Joint 70th Rocky Mountain Annual Section / 114th Cordilleran Annual Section Meeting - 2018

Paper No. 9-1
Presentation Time: 10:25 AM

PRELIMINARY CHRONOLOGY OF THE STONEMAN LAKE, AZ SEDIMENT CORES: RADIOCARBON, TEPHROCHRONOLOGY AND MAGNETIC STRATIGRAPHY


FAWCETT, Peter J.1, ANDERSON, R. Scott2, STALEY, Spencer E.3, BROWN, Erik T.4, PETRONIS, Michael5, LAURICELLA, Sindy5 and WERNE, Josef P.6, (1)Earth and Planetary Sciences, University of New Mexico, Albuquerque, NM 87131, (2)Environmental Programs, School of Earth Sciences & Environmental Sustainability, Northern Arizona University, Flagstaff, AZ 86011, (3)Earth & Planetary Sciences, University of New Mexico, MSC O3-2040, University of New Mexico, Albuquerque, NM 87131, (4)Large Lakes Observatory & Dept of Geol. Sci, University of Minnesota Duluth, RLB-109, 10 University Drive, Duluth, MN 55812, (5)Natural Resources Management Department, New Mexico Highlands University, P.O. Box 9000, Las Vegas, NM 87701, (6)Department of Geology & Environmental Science, University of Pittsburgh, Pittsburgh, PA 15260

In Fall 2014, the Stoneman Lake Drilling Project recovered two deep sediment cores to reconstruct the Quaternary paleoclimatic record for central Arizona.
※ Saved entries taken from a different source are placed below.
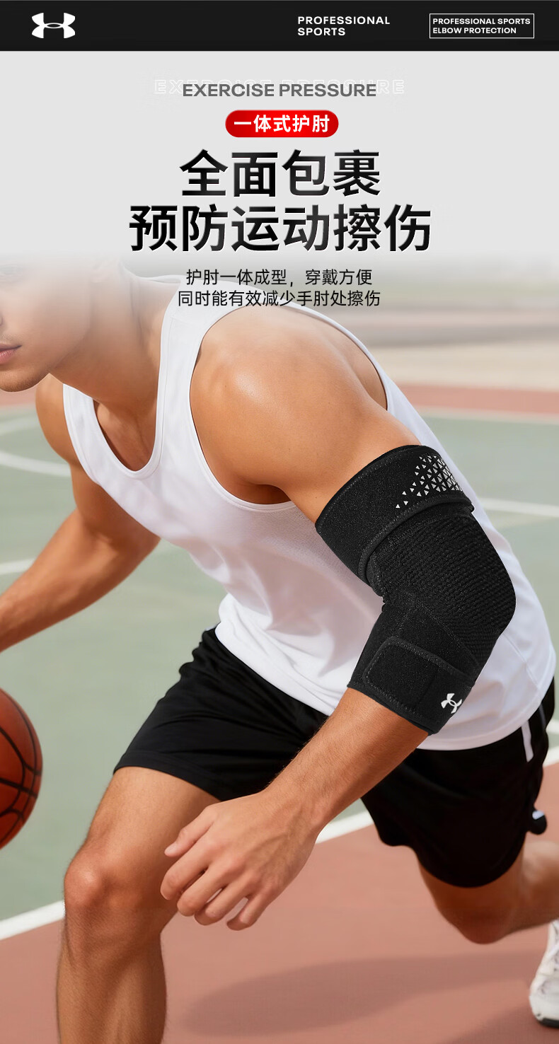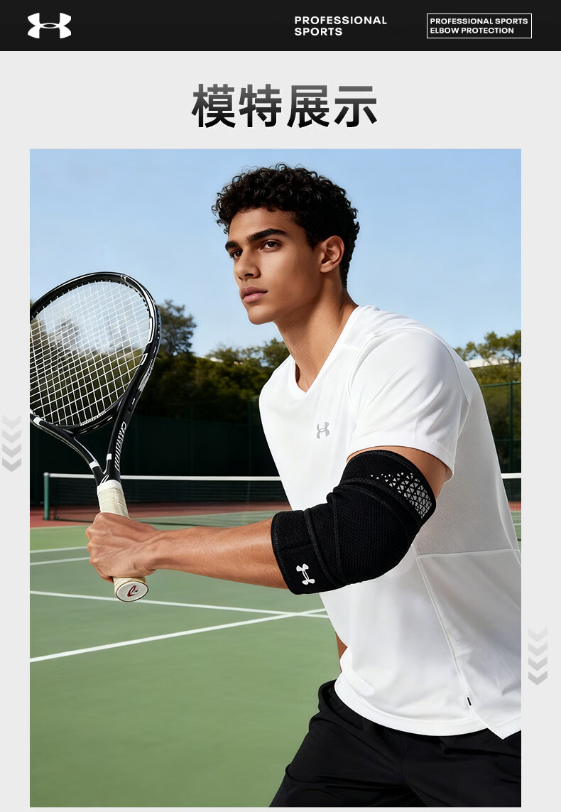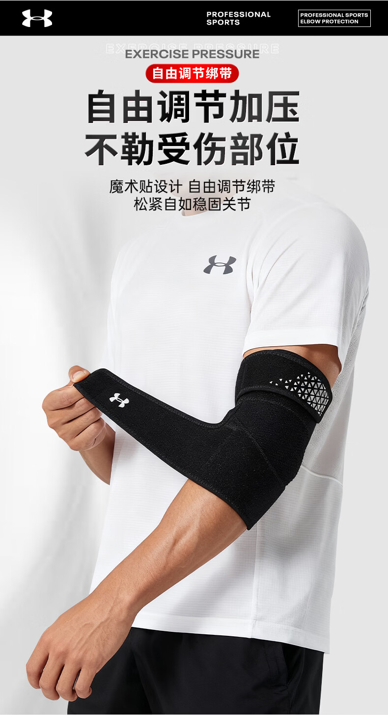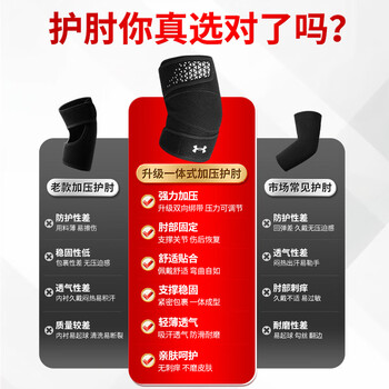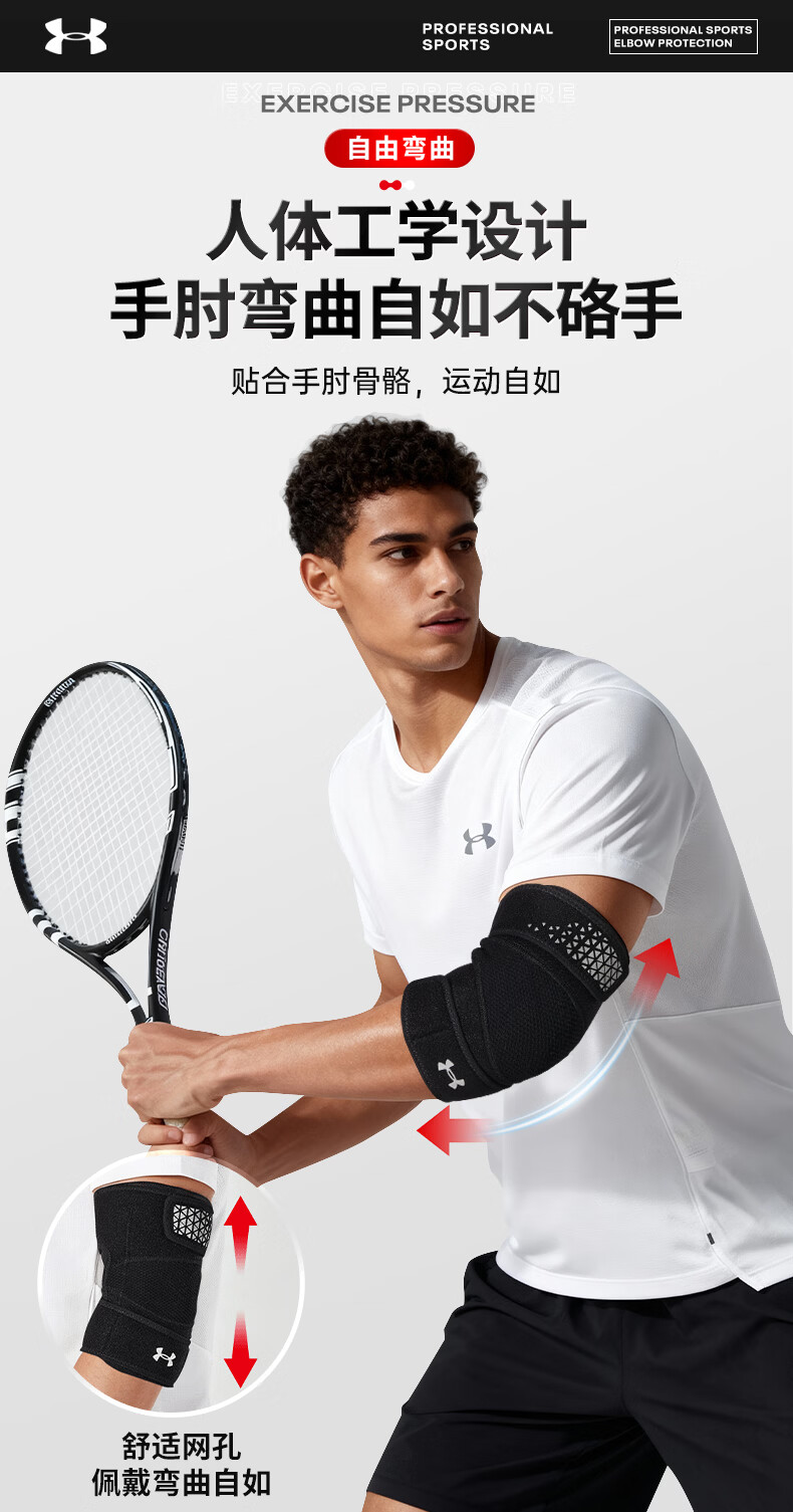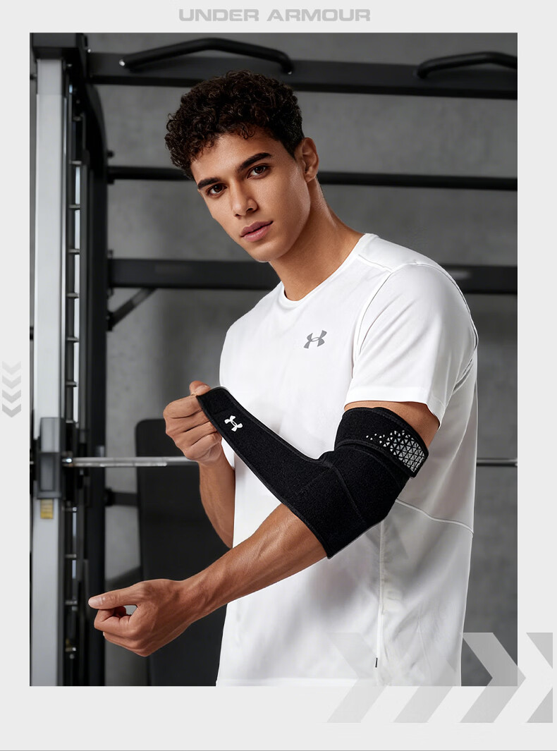 安德玛(Under Armour)护肘关节保护套网球肘保暖护套健身运动护具卧推加压蓝羽排球护臂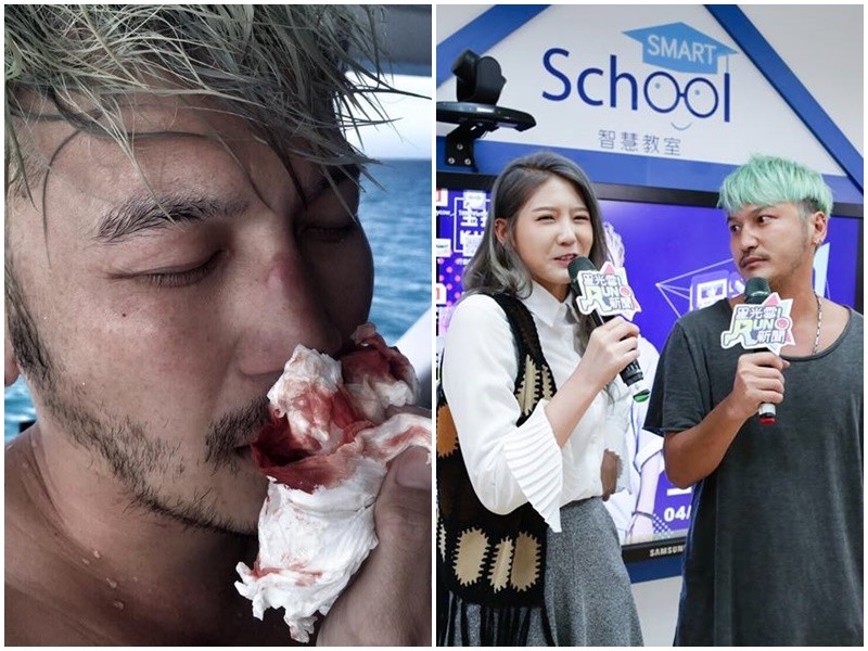 KID透露自己3月在澳洲拍攝《野人追夢》系列瘋狂行徑,潛水期間想在船上玩「後空翻」,結果因為自己愛耍帥加上船的地板又濕又滑,他一翻上去,「我整個人垂直上去、垂直下來!」碰一聲,他整個鼻子開始狂冒血,「旁邊的外國人看到嚇到,還以為我要死了!」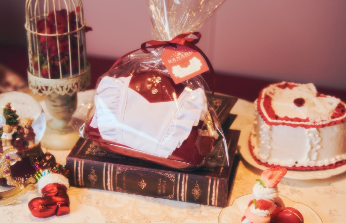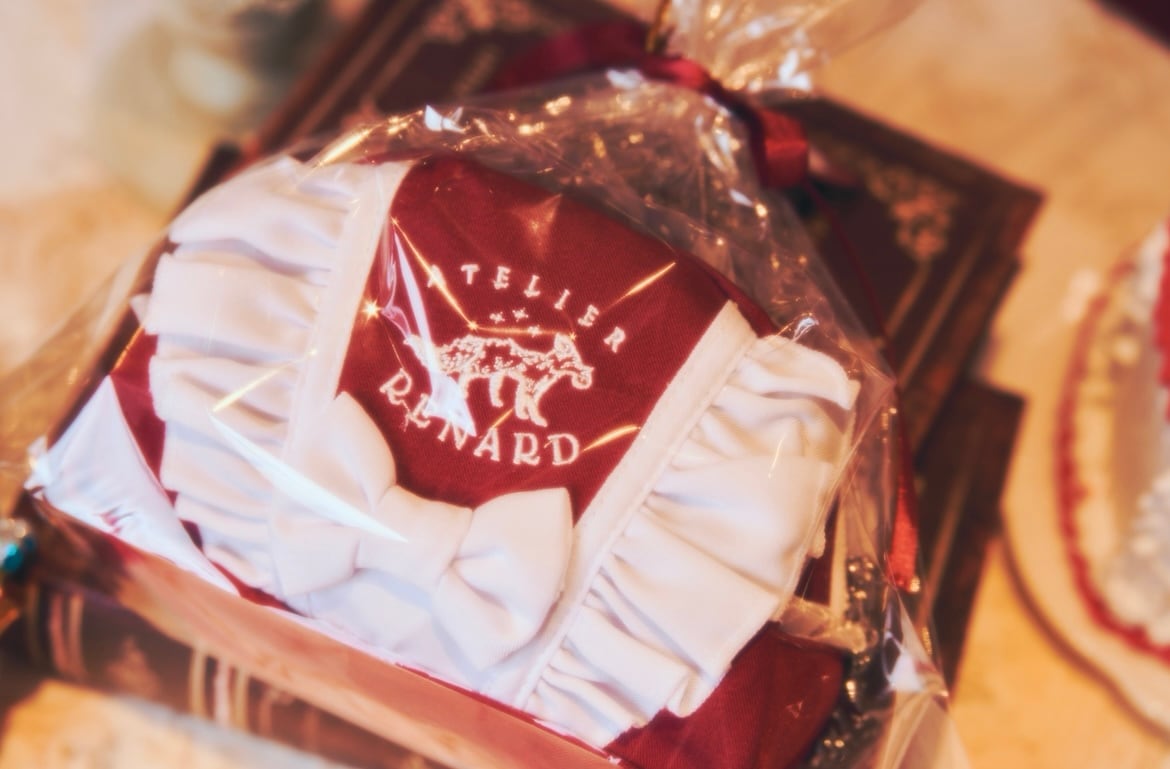 エプロンのフリル、キツネ型チャーム、そしてロゴの刺繍がきらめく、atelier renardのメイド服をモチーフにしたポーチ⟡.·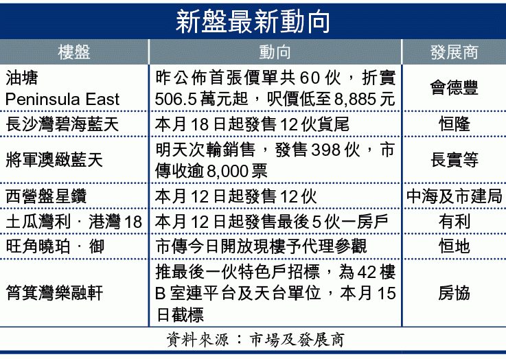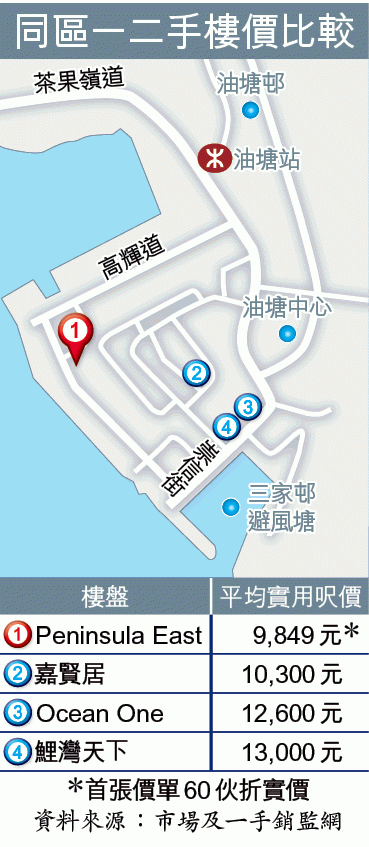 為求搶客,會德豐不惜將油塘新盤Peninsula East劈價至平過同區二手最多兩成半。首張價單60伙,兩房及三房佔比各半,面積由520至931方呎,訂價617.7萬至1,134.6萬元,呎價11,038至13,612元。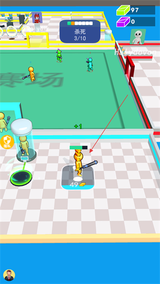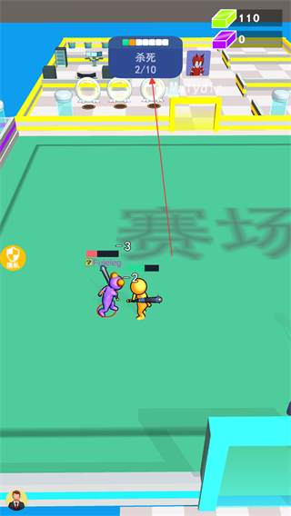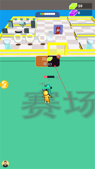 1、操控火柴人攻擊其他對手,擊敗敵人可獲得綠色方塊資源,積累資源提升實力。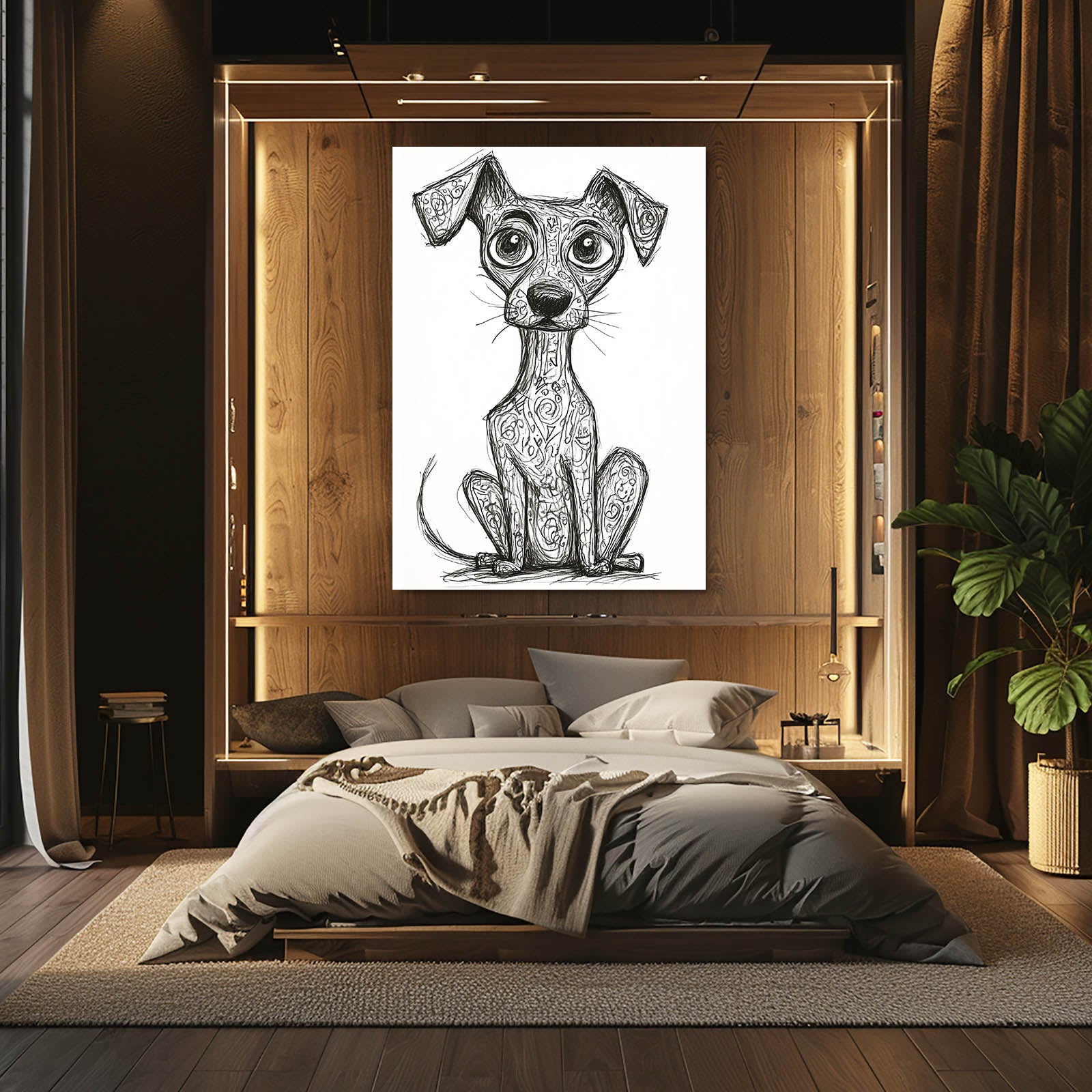The Black And White Dog Artwork is a stunning piece that captures the essence of a dog's personality through expressive, minimalist strokes. Its striking black and white contrast makes this artwork the perfect addition to any space, whether you're looking for a modern touch in your living room or a serene atmosphere in your bedroom. The dog’s captivating eyes and playful expression will instantly draw attention, making it a delightful focal point for any room.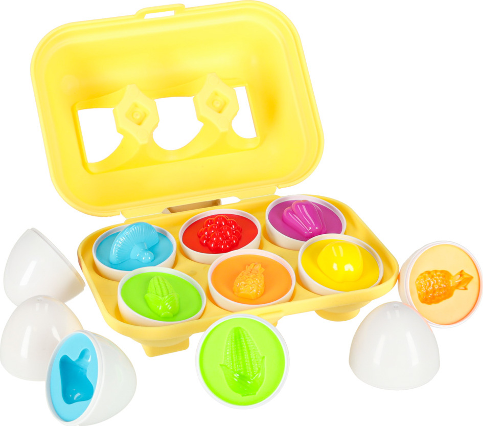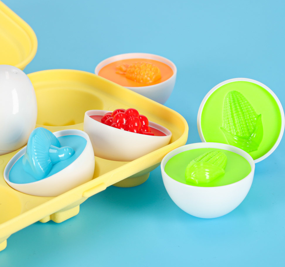 Tohle nejsou obyčejná vajíčka. Je to třídička, skládačka, škola logiky a barev v jedné hračce. Tato inovativní vzdělávací hračka je dokonalým způsobem, jak se učit hrou od útlého věku. Dítě si procvičuje rozpoznávání barev a přiřazování tvarů a zároveň rozvíjí soustředění alogické myšlení. Barevná vajíčka se skrytými vzory ovoce podporují učení tvarů a barev formou zábavné skládačky. Hračka stimuluje rozvoj kognitivních dovedností a podporuje samostatnost. Je vynikající volbou pro rodiče, kteří chtějí své děti seznámit s výukou rozpoznávání různých tvarů přirozeným a zajímavým způsobem.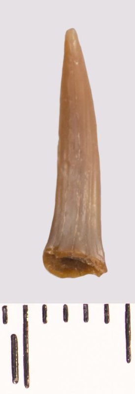 Зуб (фрагмент). Акула. Scapanorhynchus raphiodon (Agassiz, 1843). Классификация: Хордовые Chordata, Позвоночные Vertebrata, Хрящевые рыбы Chondrichthyes, Пластиножаберные Elasmobranchii, Акулы Selachii, Ламнообразные Lamniformes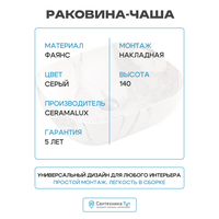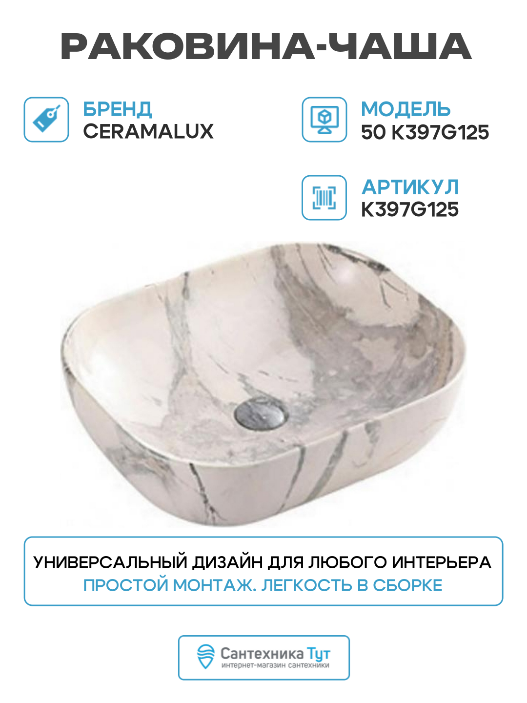 Раковина-чаша CeramaLux 50 K397G125 фаянс накладная 50, стильный дизайн: сравнение цен, характеристики, фото, актуальное наличие и цены.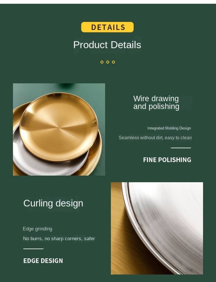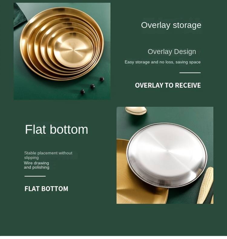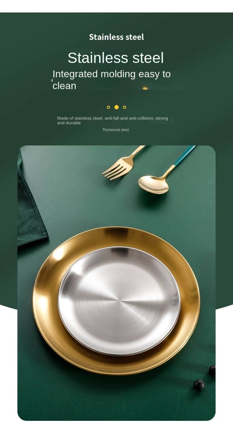 국경 간 한국 스테인레스 스틸 접시 황금 바베큐 두꺼운 과일 접시 원형 접시 가정용 얕은 접시 뼈 접시 트레이 베이킹 팬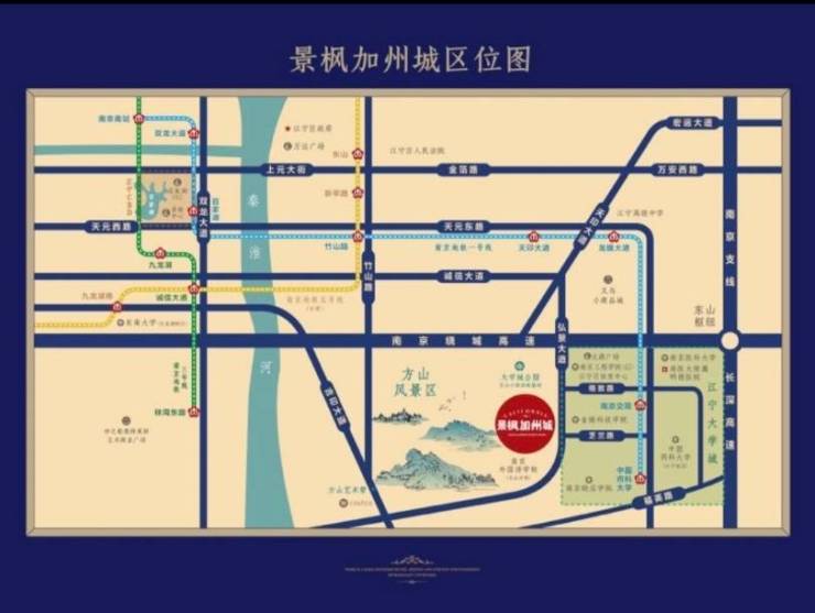 项目位于江宁大学城,方山风景区脚下,由景枫集团开发建设纯别墅型社区。项目共分为四期:一期、二期为加州城,三期法兰谷,四期你山。项目南侧紧邻南外方山分校,西侧紧邻方山,北侧依靠高尔夫球场及大学城公园,环境优美、视野开阔。

Here, we describe the results of our chronological analyses and show that the STL cores record ~1.5 million years of terrestrial climate change. Our preliminary chronology for cores STL-1A (72 m) and STL-1B (36 m) is based on a suite of AMS radiocarbon dates in the upper 6 m of the composite core, tephrochrolonogy of 6 glass bearing ashes and preliminary paleomagnetic data showing magnetic field events including the Bruhnes-Matayuma boundary and the Jaramillo Event. Two AMS dates from the upper 2 m and 7 previously published dates show this to be the Holocene portion of the core. A change from dark peaty clay to light colored laminated clays just below a 10940 cal yr BP date represents the Holocene–Pleistocene transition. Seven additional AMS radiocarbon dates from 3 to 6 m composite depth show a rapid linear increase in age to 46,600 cal yr BP. The deepest AMS samples at 7.1 and 7.6m depth were radiocarbon dead, indicating ages >55ka. Below 27 m depth in the core, 6 tephras were found and microprobe elemental analysis of glass shards allowed us to correlate these with well-dated large volcanic eruptions. A tephra at 27.6 m correlates with the Lava Creek B eruption from the Yellowstone Caldera (631 ka) and a tephra at 32.9m depth correlates with the Bishop Ash from Long Valley, CA (767 ka). A deeper tephra at 41.8 m correlates with the Upper Glass Mountain eruption from Long Valley (1.130 Ma) and a shallower tephra at 29.8 m correlates with a Long Valley post-caldera Early Rhyolite eruption (640-750 ka). Two additional tephras have glass chemistries similar to rhyolitic volcanic centers in the San Francisco Peaks north of Flagstaff, AZ, however, these have not been dated with modern Ar-Ar techniques. The age-depth relationships based on radiocarbon dates, tephrochronology, and magnetostratigraphy show an apparent sedimentation rate of ~4.4 cm/kyr. Projection of this sedimentation rate to the base of the core gives an approximate basal age of ~1.5 Ma. Paleoclimate proxies including pollen, sedimentology, scanning XRF analysis, TOC and carbon isotopes of bulk organics suggest at least 20 glacial-interglacial cycles in the core, consistent with this timeframe.